WHAT YOU WILL DO: Copy out exactly the lines from the one with "Luxury interior of" through the last line of the listing below, both included, but none of the pictures.

-------- COLLECTED DATA --------

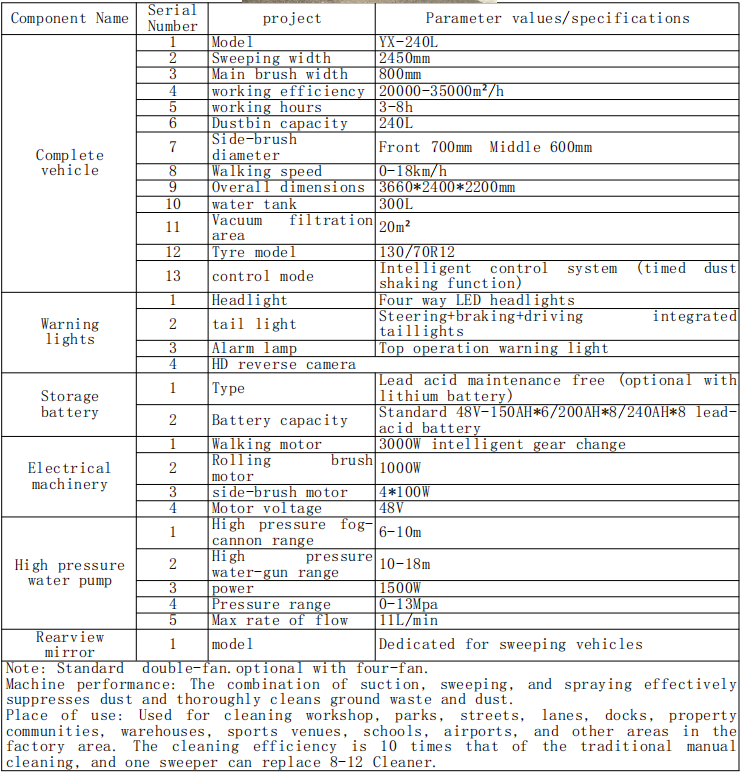 Brukssted: Brukes til rengjøringsverksted, parker, gater, baner, brygger, eiendommer, lager, sportssteder, skoler, flyplasser og andre områder i fabrikkområdet. Rengjøringseffektiviteten er 10 ganger for den tradisjonelle manuell-rengjøringen, og en feier kan erstatte 8-12 rengjøringsmiddel.
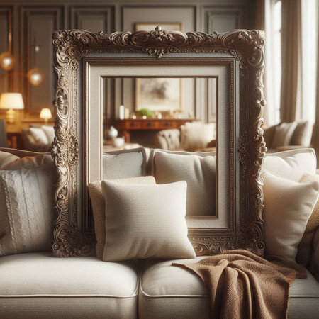 Luxury interior of a living room with a sofa and a picture frame
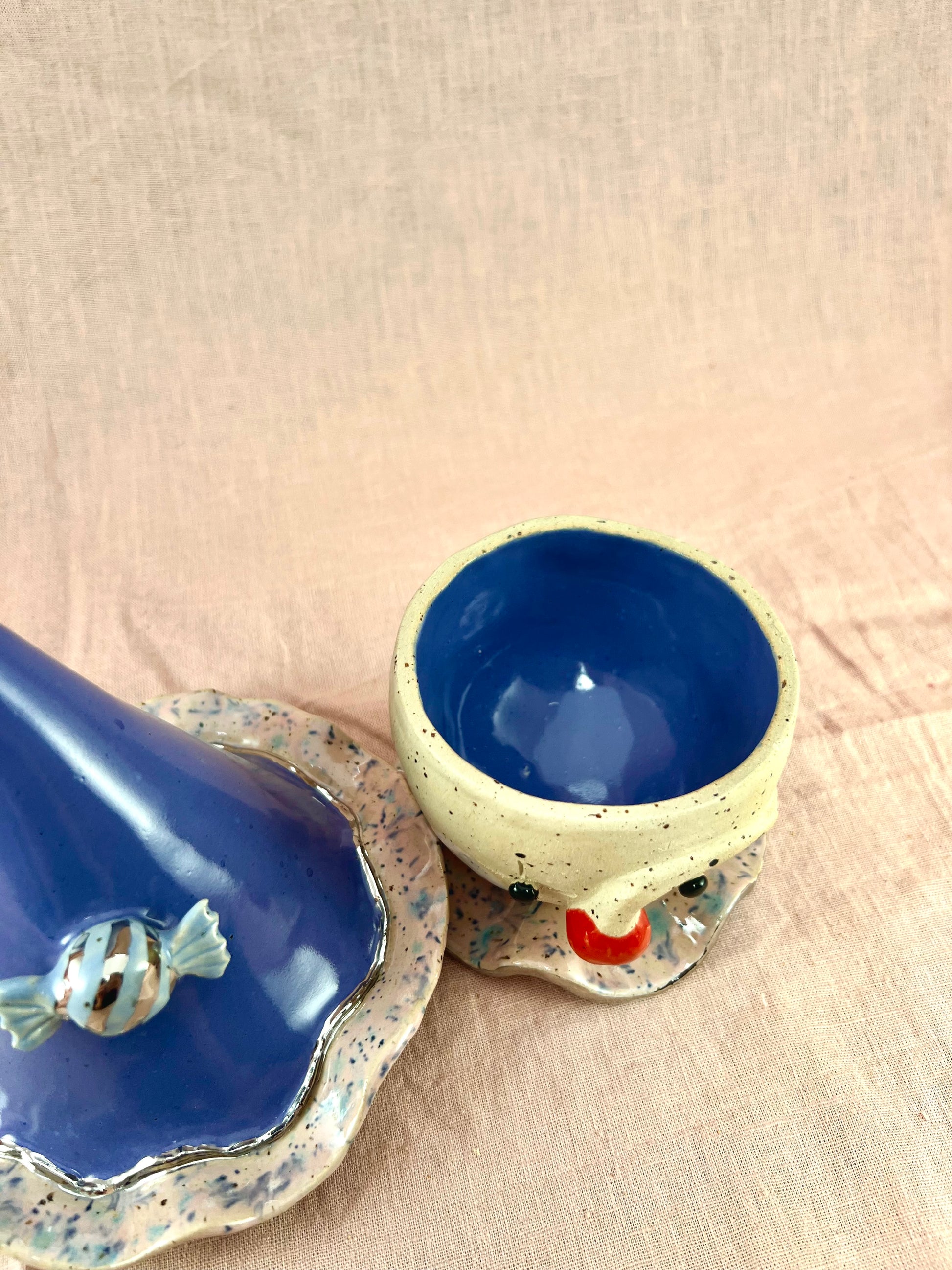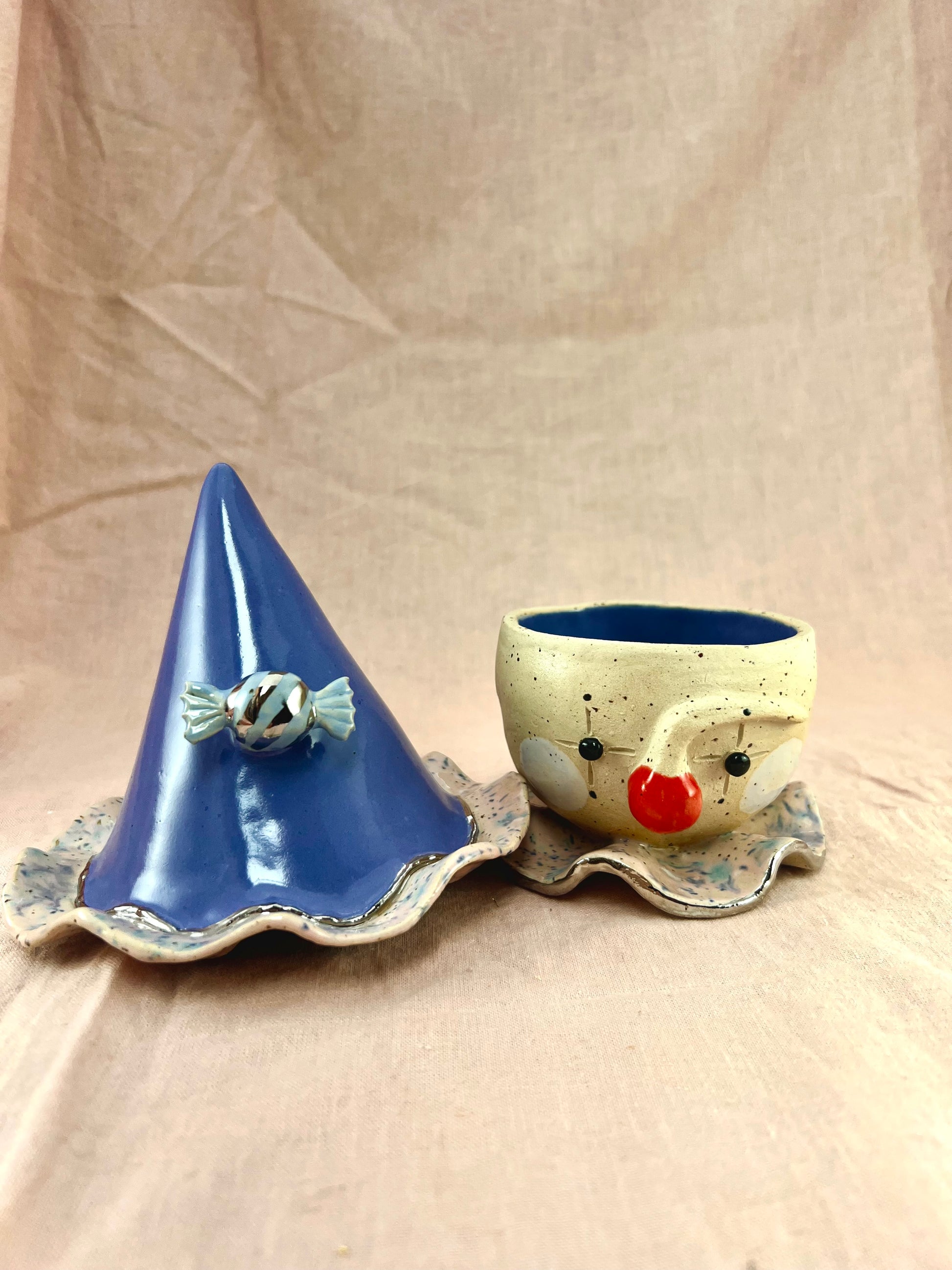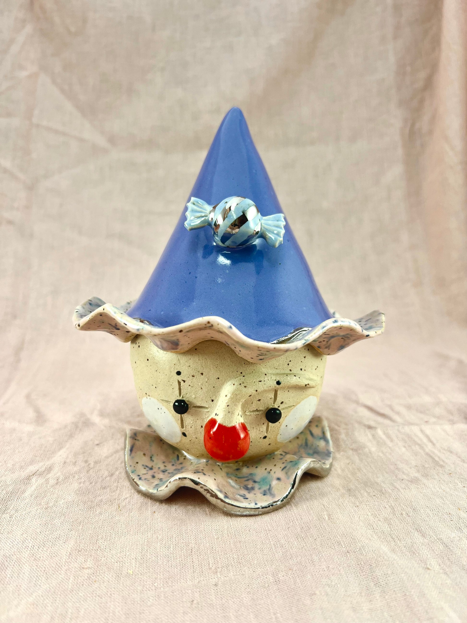 Julens lågkrukke, med plads til slik, nødder, pebernødder eller andre julegodter inde under klovnens fine hat ✨

--------

EXERCISE RESPONSE:
 Luxury interior of a living room with a sofa and a picture frame
 Julens lågkrukke, med plads til slik, nødder, pebernødder eller andre julegodter inde under klovnens fine hat ✨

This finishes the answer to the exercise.